I shrugged, trying to look more confident than I felt.

“And what are you going to do about that little situation?
Do you realize what you did in Stanky’s office was probably a federal crime?”

Actually, strangely enough, until that moment I hadn’t considered
the federal nature of that offense. It seemed so minor in comparison. “I’ll
worry about it after the capital crimes against me are dropped.” I tried to say
it confidently.

Tabitha waited before speaking, and I let her. She eyed me
warily, and I was careful not to make eye contact. I didn’t want to rush her.
She got up and walked to the window, and after what seemed like two decades
turned around.

“Stephanie liked you,” she said. “She told me.”

“Really?” I tried not to look too jubilant. Then I realized
the one woman who liked me and who I liked back now thought I was homicidal.
That was my luck.

“Really. She liked you. She wasn’t head-over-heels, but she
was definitely looking forward to seeing you some more.”

This was just one more interesting tidbit. “Then why was
Roger over there last night?”

“Roger came over on his own. She didn’t even know he was
coming. She had told him on the phone that she was kinda seeing you.”

“When did she tell you?”

“Couple of hours ago.”

“How is she?”

Tabitha wrinkled her nose like she intended to say something
snide but then softened. “She’s crazy right now. She doesn’t know whether to be
scared of you, or howling mad at you, or both, and she found out that Roger’s
parents don’t want her to be at all involved in wrapping up his affairs.”
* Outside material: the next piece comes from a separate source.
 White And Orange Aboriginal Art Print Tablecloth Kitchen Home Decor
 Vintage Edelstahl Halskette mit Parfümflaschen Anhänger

“Why did Stephanie have to come pick you up the other
night?”

She snarled, “Stephanie’s not a hooker, if that’s what
you’re asking.”

I was relieved, but I tried to act indignant. “That wasn’t
what I meant. What happened to you?”

“You remember that guy I was with? He stiffed me. Pointed a
gun at me and took what I had in my purse. You’re supposed to keep an extra
twenty hidden just in case something like that happens, but he found that too.”

“Did you have enough money to make it worth his while?”
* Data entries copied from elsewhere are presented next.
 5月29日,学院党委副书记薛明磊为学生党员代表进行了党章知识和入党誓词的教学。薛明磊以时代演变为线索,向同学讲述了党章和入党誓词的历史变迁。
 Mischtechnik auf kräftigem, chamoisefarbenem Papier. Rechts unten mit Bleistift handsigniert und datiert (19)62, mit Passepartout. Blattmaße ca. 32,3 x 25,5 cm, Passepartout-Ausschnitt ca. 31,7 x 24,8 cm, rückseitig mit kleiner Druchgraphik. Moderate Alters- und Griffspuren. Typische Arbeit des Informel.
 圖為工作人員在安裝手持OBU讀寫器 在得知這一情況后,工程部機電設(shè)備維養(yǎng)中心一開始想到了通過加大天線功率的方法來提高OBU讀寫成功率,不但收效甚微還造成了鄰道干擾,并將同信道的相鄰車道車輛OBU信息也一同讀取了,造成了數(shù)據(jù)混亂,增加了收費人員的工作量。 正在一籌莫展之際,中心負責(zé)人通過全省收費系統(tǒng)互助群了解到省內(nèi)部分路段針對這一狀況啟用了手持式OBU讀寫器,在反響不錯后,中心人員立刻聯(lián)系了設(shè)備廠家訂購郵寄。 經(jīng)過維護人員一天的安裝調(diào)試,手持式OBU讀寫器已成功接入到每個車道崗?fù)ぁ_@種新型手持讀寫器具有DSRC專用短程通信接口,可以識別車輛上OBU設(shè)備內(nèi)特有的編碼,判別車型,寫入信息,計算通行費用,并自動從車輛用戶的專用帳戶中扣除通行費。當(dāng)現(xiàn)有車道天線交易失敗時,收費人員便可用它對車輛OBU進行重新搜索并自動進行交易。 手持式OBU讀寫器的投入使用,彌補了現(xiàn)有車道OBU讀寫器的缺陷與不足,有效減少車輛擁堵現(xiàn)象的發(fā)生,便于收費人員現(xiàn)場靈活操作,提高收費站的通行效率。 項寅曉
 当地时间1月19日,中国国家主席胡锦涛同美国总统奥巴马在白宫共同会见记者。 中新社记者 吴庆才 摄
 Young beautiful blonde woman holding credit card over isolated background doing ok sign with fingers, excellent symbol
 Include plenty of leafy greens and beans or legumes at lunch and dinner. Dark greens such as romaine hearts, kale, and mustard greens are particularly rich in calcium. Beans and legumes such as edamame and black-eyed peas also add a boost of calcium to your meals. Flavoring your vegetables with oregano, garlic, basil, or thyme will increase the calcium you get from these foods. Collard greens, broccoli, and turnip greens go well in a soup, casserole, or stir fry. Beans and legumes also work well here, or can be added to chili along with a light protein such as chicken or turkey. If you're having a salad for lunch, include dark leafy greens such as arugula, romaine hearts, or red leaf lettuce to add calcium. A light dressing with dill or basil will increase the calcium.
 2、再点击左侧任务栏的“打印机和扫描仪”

“That wasn’t the point. He just wanted to make me feel
cheap.”

I was going to say more, but she brushed me off. We sat
there silent for a long time again, Tabitha staring at the window, me picking
at the tag on one of the pillows.

“You didn’t do it, did you?” she finally said.

I smiled and shook my head. “But if you don’t want to be a
part of this …” My voice trailed off. I was going to tell her that I
understood, beg her not to turn me in, and request she send another hooker, but
I wanted to see what she’d say.

She sat on the bed, arms locked just beneath her breasts,
staring at me, obviously thinking about my story, about Stephanie, and
everything else that had happened. I tried not to meet her gaze, looking at the
bedspread, the coffee table, and the ceiling. She finally spoke.

“I’ll help, if I haven’t decided you’re a lunatic by
morning. I think it’s useless, and I think you oughta turn yourself in. But
it’s not my ass they’re after.”

She was still very cautious, and I wondered if she would help
me because she thought it was best to play along with a murderous nut case. I
hoped she actually believed me but realized I’d accept her help no matter what
her motivations were.

We both began to guess about what had happened. At first, I
did practically all the talking, but she gradually opened up a little. I told
her I thought Helper had found out about the assassination and maybe was even
surprised—maybe his buddies had promised to tell him before they tried
anything. He went back to the office, found the notes, called his buddies,
found out what had been done, called his secretary, and figured out very
quickly what had happened from there. Once all of this had been done, he knew I
would be hiding, so it was very easy to start putting the frame on me while
working to make sure I was pushing up daisies at the same time.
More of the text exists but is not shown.